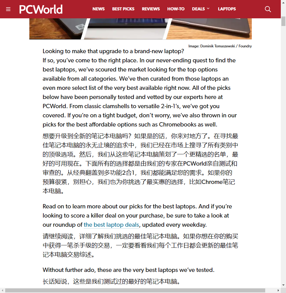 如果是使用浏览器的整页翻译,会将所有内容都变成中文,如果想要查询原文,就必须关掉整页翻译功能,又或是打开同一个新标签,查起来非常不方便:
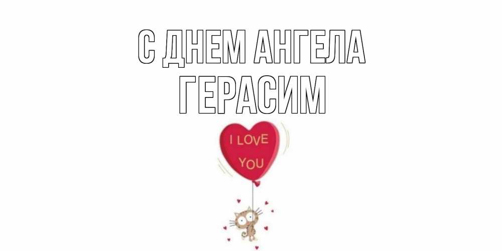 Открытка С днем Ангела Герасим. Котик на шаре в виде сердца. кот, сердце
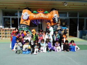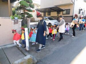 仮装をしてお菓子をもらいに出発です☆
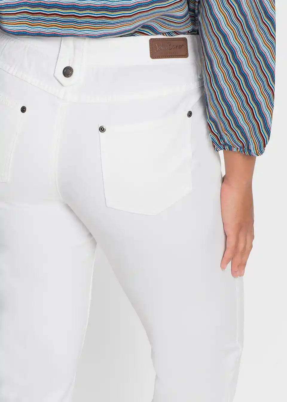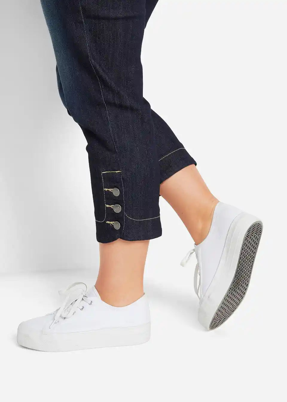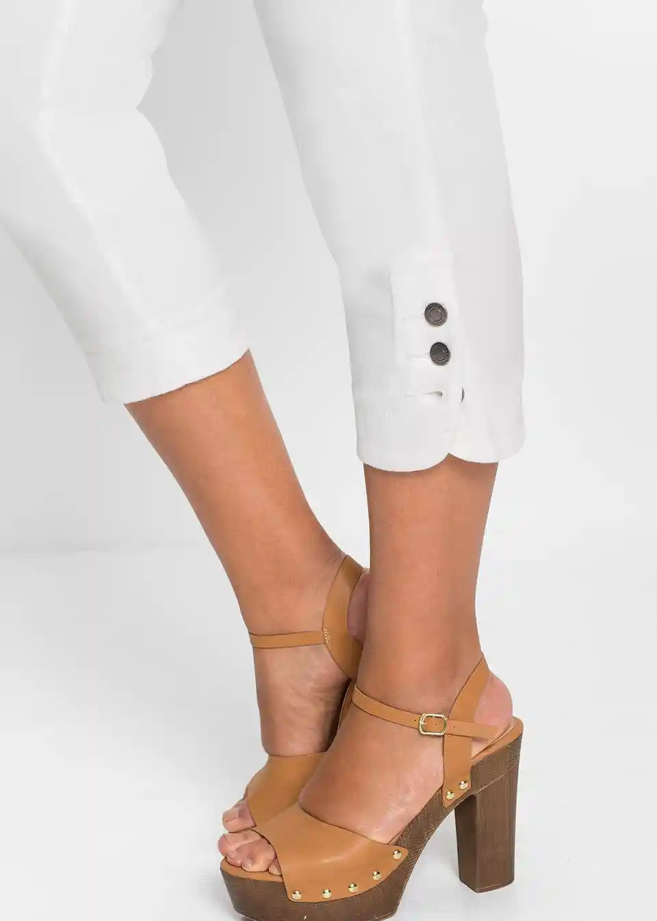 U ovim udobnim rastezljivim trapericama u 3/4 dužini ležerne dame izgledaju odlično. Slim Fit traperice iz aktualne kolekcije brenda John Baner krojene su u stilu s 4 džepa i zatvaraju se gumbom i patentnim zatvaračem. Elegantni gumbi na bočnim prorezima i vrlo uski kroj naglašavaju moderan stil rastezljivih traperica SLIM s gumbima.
◆ ◆ ◆ ◆
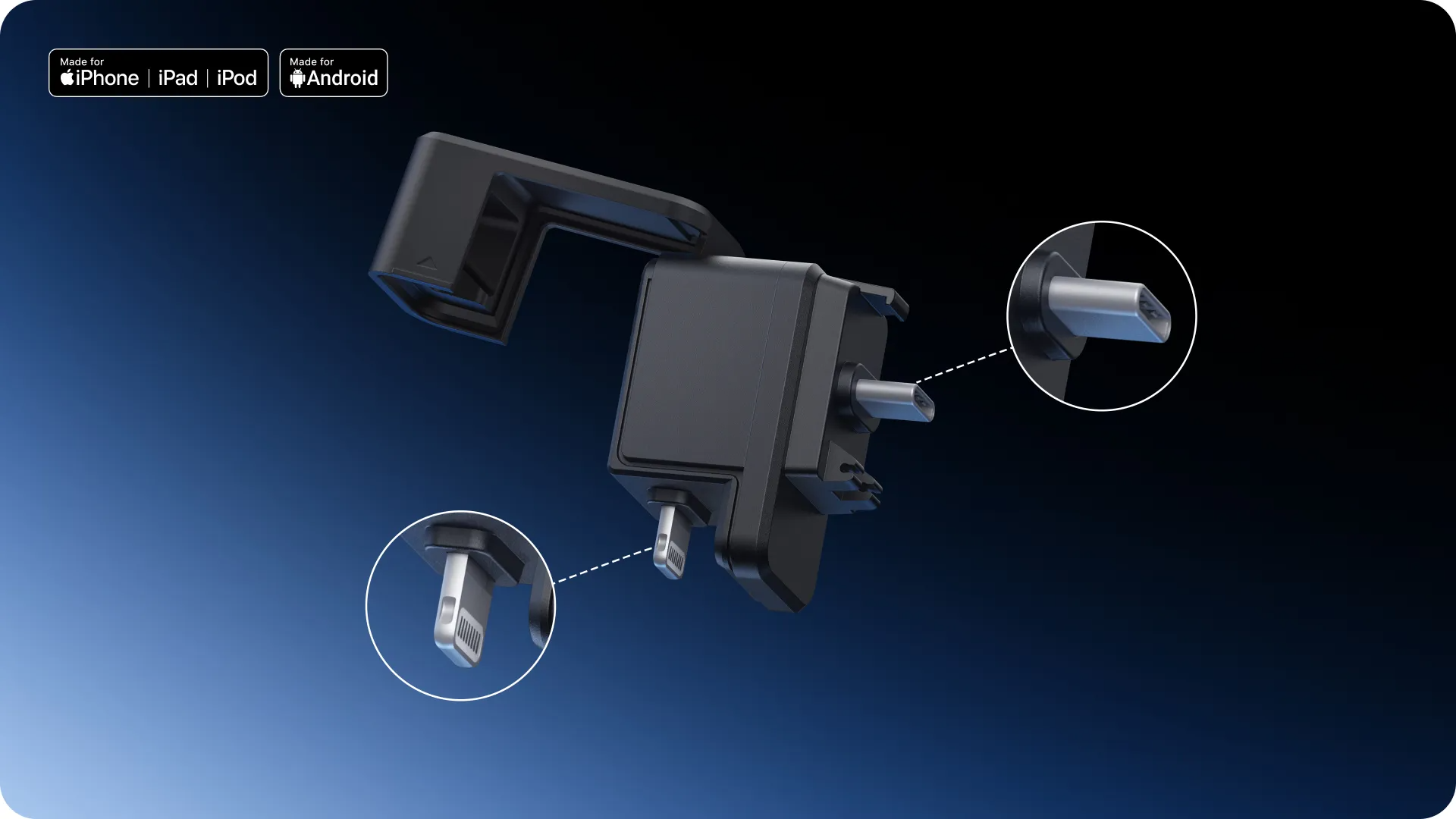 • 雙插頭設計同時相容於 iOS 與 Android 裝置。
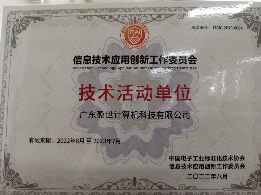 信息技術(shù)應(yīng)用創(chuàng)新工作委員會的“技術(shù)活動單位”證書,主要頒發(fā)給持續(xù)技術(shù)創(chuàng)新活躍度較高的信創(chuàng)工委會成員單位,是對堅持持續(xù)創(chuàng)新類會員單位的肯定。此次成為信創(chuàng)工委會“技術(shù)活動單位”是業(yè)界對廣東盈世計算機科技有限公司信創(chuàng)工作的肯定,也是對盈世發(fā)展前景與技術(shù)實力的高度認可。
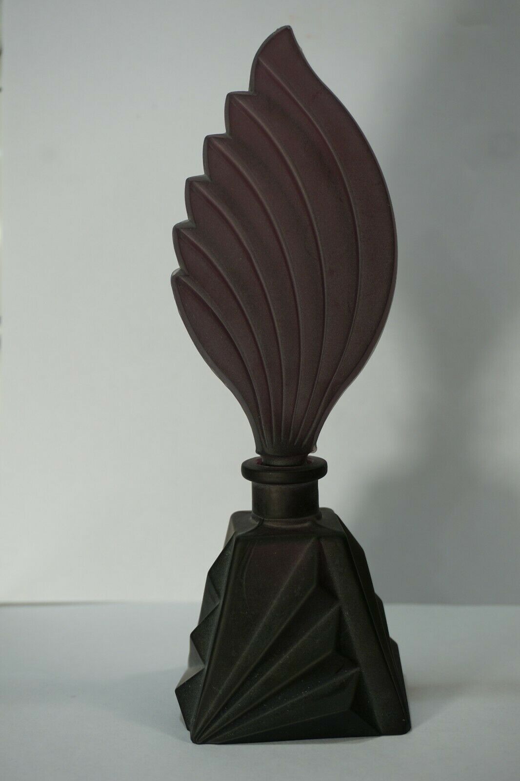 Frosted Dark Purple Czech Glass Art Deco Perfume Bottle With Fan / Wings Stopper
◆ ◆ ◆ ◆
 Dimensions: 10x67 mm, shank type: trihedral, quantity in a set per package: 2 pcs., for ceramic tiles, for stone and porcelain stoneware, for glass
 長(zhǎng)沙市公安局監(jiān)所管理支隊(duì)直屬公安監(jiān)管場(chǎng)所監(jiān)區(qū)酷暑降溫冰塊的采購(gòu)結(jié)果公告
◆ ◆ ◆ ◆
• [Task details] Using the records above, repeat exactly the run of lines that starts with the line with "Открытка С днем" and goes on through the line with "U ovim udobnim"; omit each picture.

• [Solution below]
 Открытка С днем Ангела Герасим. Котик на шаре в виде сердца. кот, сердце
 仮装をしてお菓子をもらいに出発です☆
 U ovim udobnim rastezljivim trapericama u 3/4 dužini ležerne dame izgledaju odlično. Slim Fit traperice iz aktualne kolekcije brenda John Baner krojene su u stilu s 4 džepa i zatvaraju se gumbom i patentnim zatvaračem. Elegantni gumbi na bočnim prorezima i vrlo uski kroj naglašavaju moderan stil rastezljivih traperica SLIM s gumbima.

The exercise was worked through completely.